Für Reisende hat die Sanierung gravierende Folgen. Im Nahverkehr richtet die Bahn zusammen mit der Bayerischen Eisenbahngesellschaft ein dichtes Netz an Schienenersatzverkehr ein. Rund 90 Busse sind auf sechs Linien unterwegs; sie und die Wegweiser sind in auffälligem Purpur gestaltet, um die Orientierung zu erleichtern. Im Fernverkehr entfallen die Züge zwischen Nürnberg beziehungsweise Regensburg und Passau sowie weiter nach Wien komplett.
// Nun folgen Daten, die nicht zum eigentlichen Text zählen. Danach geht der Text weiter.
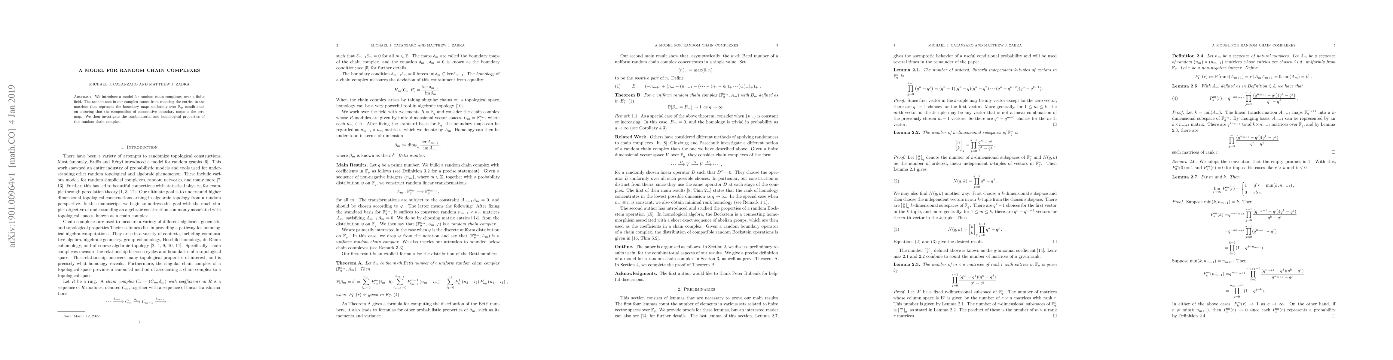 This paper presents a model of random chain complexes over finite fields, where matrix entries representing boundary maps are chosen uniformly from $mathbb{F}_q$, subject to ensuring the composition of consecutive boundary maps equals zero. The research explores the combinatorial and homological characteristics of this random complex.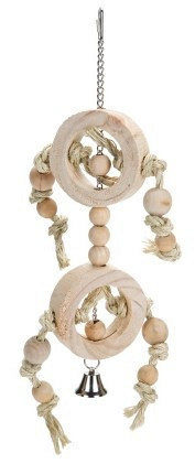 Een ware aanwinst voor de vogelkooi! Speeltje van hout met belletje en een ophanghaak. Lengte 40 cm.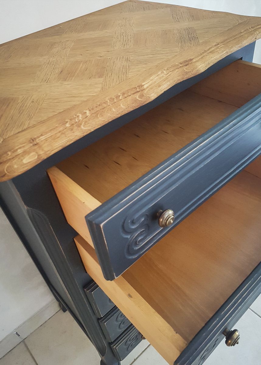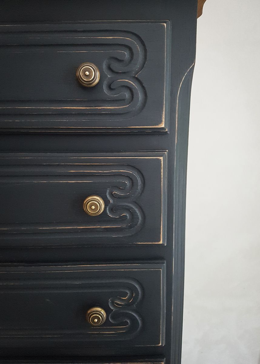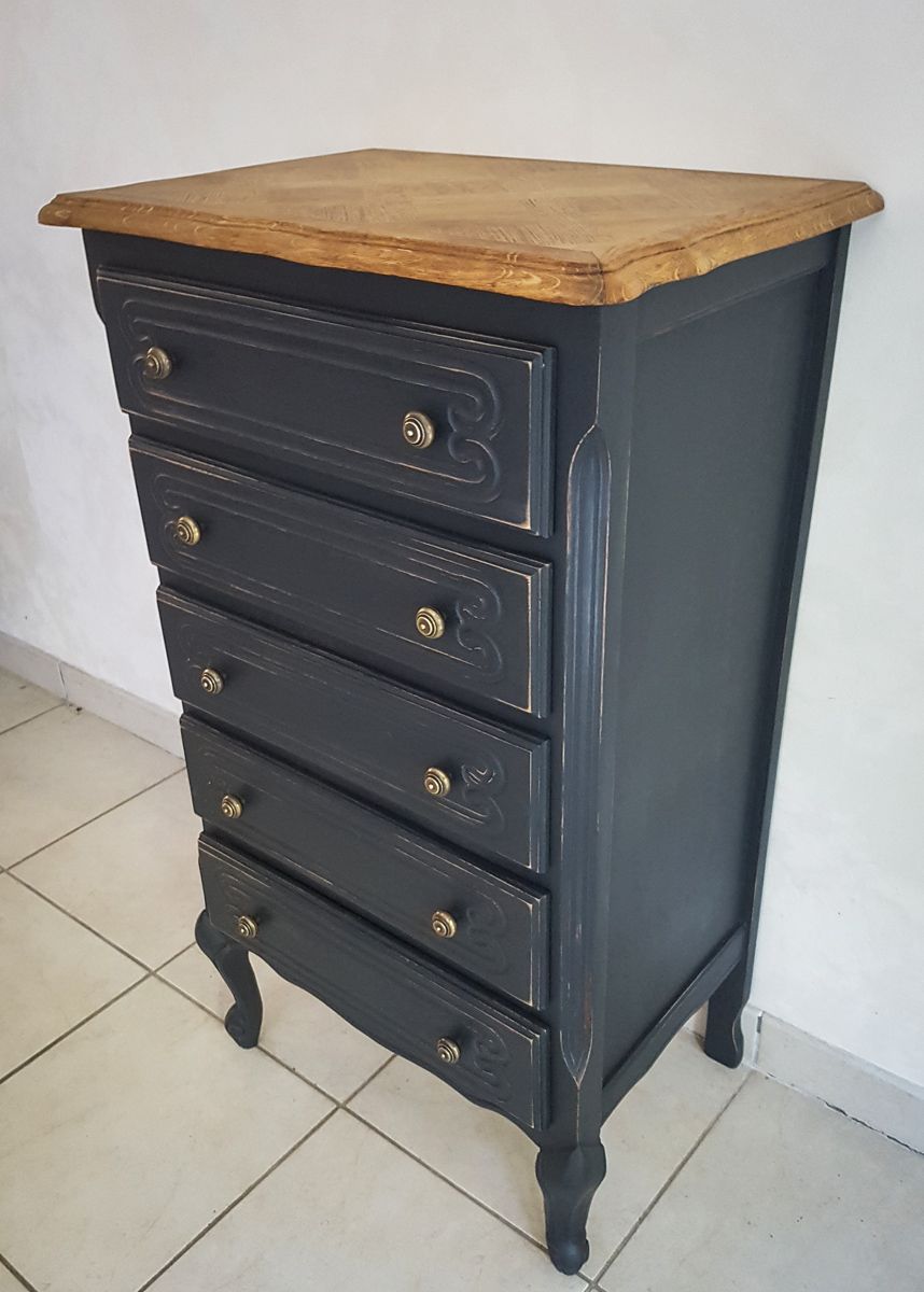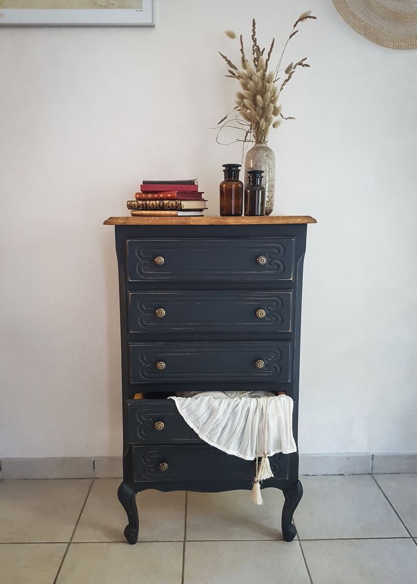Élégant chiffonnier vintage rénové, dans une subtile nuance de noir, qui trouvera aisément une place dans une chambre, un salon, une entrée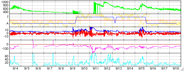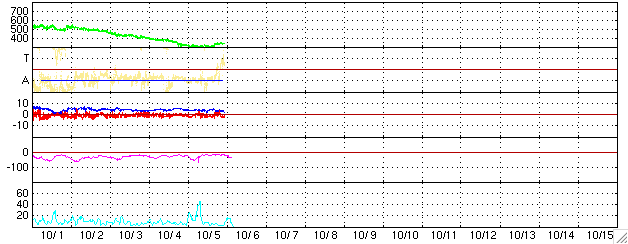 ACEが観測した太陽風の磁場(1番上の枠、白線は全体の強度、赤線は南北成分) および、太陽風の密度(3番目の橙線)、速度(4番目の黄線) (c) NOAA/SEC ![]() リアルタイムAE指数 下段のAEグラフの値が高くなると、オーロラ活動が活発化しています。 (c) 京都大学, NICT ![]() 27日の太陽周期に合わせたデータプロット (太陽風版) 太陽が同じ面を地球に向けていた27日前の変化から、今後を予想することができます。 (c) NICT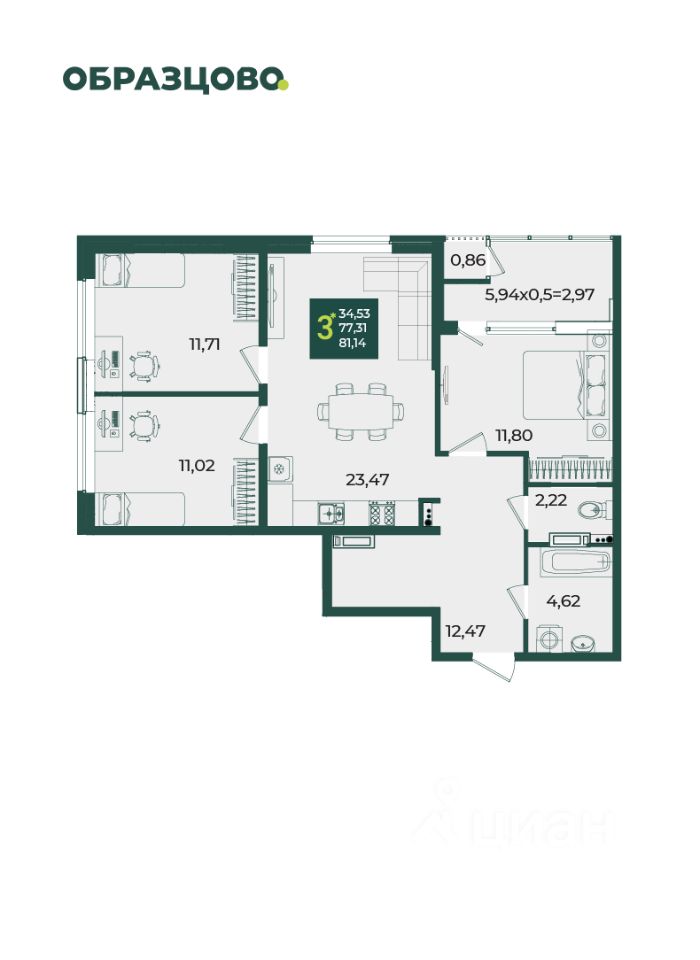 Общая площадь81,14 м2
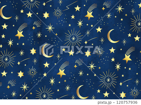 キラキラと夜空に無限に光る流星群と流れ星のイラスト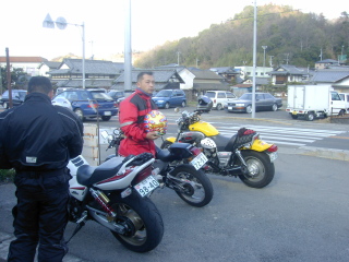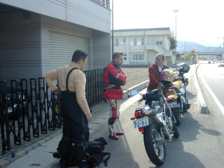 | 03年2月2日(日) でぶ腺自動二輪部会 久しぶりのでぶ腺。 Mやろう爪楊枝号のバーハン化記念ということで、寒風の中、走ってまいりました。 当初の目的は伊方原●のはずだったのだが・・・ |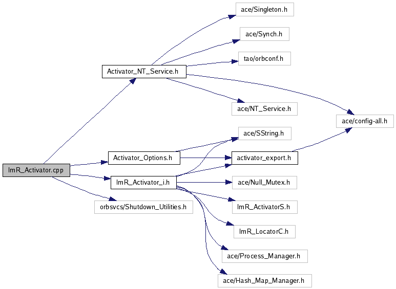 #include "Activator_Options.h"#include "ImR_Activator_i.h"#include "Activator_NT_Service.h"#include "orbsvcs/Shutdown_Utilities.h"Include dependency graph for ImR_Activator.cpp:

Fahrgäste Richtung Österreich werden auf Verbindungen über München verwiesen, zusätzliche Züge über Mühldorf und Salzburg sowie ein Ersatzbusangebot für Passauer Fernreisende sollen die Auswirkungen abfedern.

Aus der Politik kommt grundsätzliche Unterstützung, zugleich aber auch der Hinweis auf die Belastungen für Region und Wirtschaft. Der Parlamentarische Staatssekretär Ulrich Lange betonte, wer eine leistungsfähige, verlässliche Bahn wolle, müsse jetzt entschlossen modernisieren; am Ende profitierten Fahrgäste und Wirtschaftsstandort. Bayerns Verkehrsminister Christian Bernreiter sprach mit Blick auf den kurzen Abstand zur Baustelle Nürnberg–Regensburg von einer zweiten großen Belastung binnen kürzester Zeit für Fahrgäste und Unternehmen in Ostbayern. Für die Bahn ist der Korridor zwischen Regensburg und Passau zugleich Testfeld für die Strategie, ganze Streckenabschnitte in gebündelten Sperrpausen grundlegend zu erneuern, um langfristig die Pünktlichkeit zu verbessern.